In The Phoenix Project, Bill tackles this problem by first getting Brent out of the first responder role and sets up a team of engineers to handle escalations and only that team gets to interrupt what Brent is working on if they need help with an issue. Then Brent can only explain what to do and how to do it. Brent isn't allowed to fix the issue himself. This starts to enhance the culture of cooperation and cross training so that Brent doesn't continue to be a silo of knowledge.
One thing I've noticed is that technical people with that level of skill are usually very open about sharing their knowledge, but they are never given time to do so. The business side of the house is usually more interested in faster resolution times than they are about redundancy of operational knowledge. This is disappointing, because with enough people intimately familiar with an issue, the better the opportunity for someone to find a creative solution for the long term.

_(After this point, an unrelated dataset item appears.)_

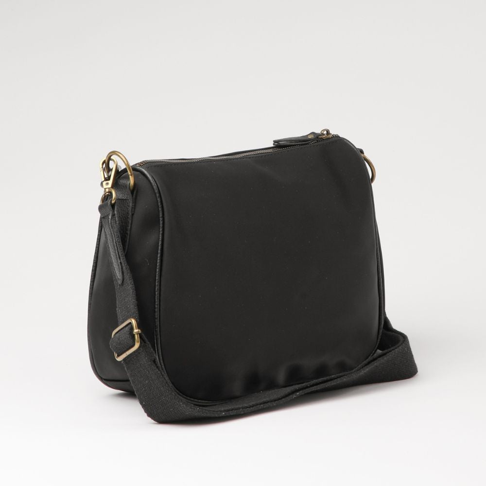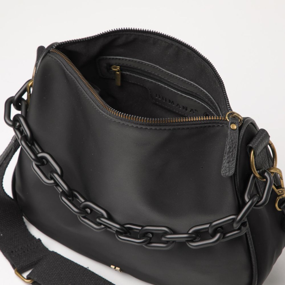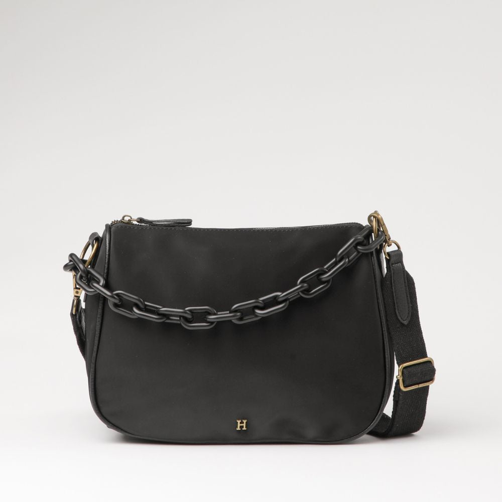 Cartera negra rectangular clásica y simple de nylon, con correa ajustable/desmontable de tela, para utilizarla como cartera de hombro o cruzada. Cuenta con un bolsillo principal con cierre y una cadena de eslabones plásticos. En el interior tiene un bolsillo más pequeño con cierre y otros dos bolsillos abiertos. El cierre, hebilla, ganchos y logo exterior son de metal dorado oscuro.

Another great point in the book about increasing throughput is explained in chapter 19 during the "leadership off-site". Starting on page 198 through 202, Bill, Erik and Steve (CEO) discuss implementing a project freeze in order to reduce the number of tasks that the critical resources need to focus on (effectively erasing all of the small debts and leaving only one huge debt for the time being). Steve is extremely reluctant to allow this, seeing it as a huge waste of company resources akin to "subsidized potato farmers paid not to grow crops" (or in my example, wasting money on interest payments). Erik, in typical Jonah cadence draws on Steve's experience as a plant manager to relate due-date performance, WIP, inventory levels all back to taking on new orders and releasing work onto the plant floor. The result is obvious.
As common sense as this approach should be, many business executives, senior management and project managers just simply do not grasp this concept. If all of your resources are allocated to projects, systems keep breaking down and require "all hands on deck" to get things running again, project due dates are not being met, and quality of project deliverables are going down... in what world view does it make sense to add another project to the queue? Shouldn't it be time to pay down some technical debt first?